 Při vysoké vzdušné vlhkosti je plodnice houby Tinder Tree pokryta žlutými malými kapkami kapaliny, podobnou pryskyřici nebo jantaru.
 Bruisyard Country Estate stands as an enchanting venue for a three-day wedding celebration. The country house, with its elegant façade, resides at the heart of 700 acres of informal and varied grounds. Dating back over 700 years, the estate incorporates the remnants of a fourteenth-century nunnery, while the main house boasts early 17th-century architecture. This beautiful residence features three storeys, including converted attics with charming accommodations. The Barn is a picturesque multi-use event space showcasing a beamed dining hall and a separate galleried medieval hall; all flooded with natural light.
^^^^^^^^
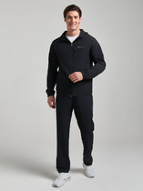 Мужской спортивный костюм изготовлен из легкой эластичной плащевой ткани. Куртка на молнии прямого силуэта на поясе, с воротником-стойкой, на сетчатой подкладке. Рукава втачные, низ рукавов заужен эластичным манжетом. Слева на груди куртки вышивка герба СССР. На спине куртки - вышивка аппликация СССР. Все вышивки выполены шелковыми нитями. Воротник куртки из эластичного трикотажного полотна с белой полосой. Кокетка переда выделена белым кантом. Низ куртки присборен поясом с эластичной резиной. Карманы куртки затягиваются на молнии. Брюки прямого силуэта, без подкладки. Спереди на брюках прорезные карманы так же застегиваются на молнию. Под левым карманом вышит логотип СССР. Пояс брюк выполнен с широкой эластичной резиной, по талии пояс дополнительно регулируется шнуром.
^^^^^^^^
Work to be completed: All lines in the listing above from the line containing "Při vysoké vzdušné" to the line containing "Bruisyard Country Estate", inclusive, should be retyped exactly; no other lines should appear.

Problem solution:
 Při vysoké vzdušné vlhkosti je plodnice houby Tinder Tree pokryta žlutými malými kapkami kapaliny, podobnou pryskyřici nebo jantaru.
 Bruisyard Country Estate stands as an enchanting venue for a three-day wedding celebration. The country house, with its elegant façade, resides at the heart of 700 acres of informal and varied grounds. Dating back over 700 years, the estate incorporates the remnants of a fourteenth-century nunnery, while the main house boasts early 17th-century architecture. This beautiful residence features three storeys, including converted attics with charming accommodations. The Barn is a picturesque multi-use event space showcasing a beamed dining hall and a separate galleried medieval hall; all flooded with natural light.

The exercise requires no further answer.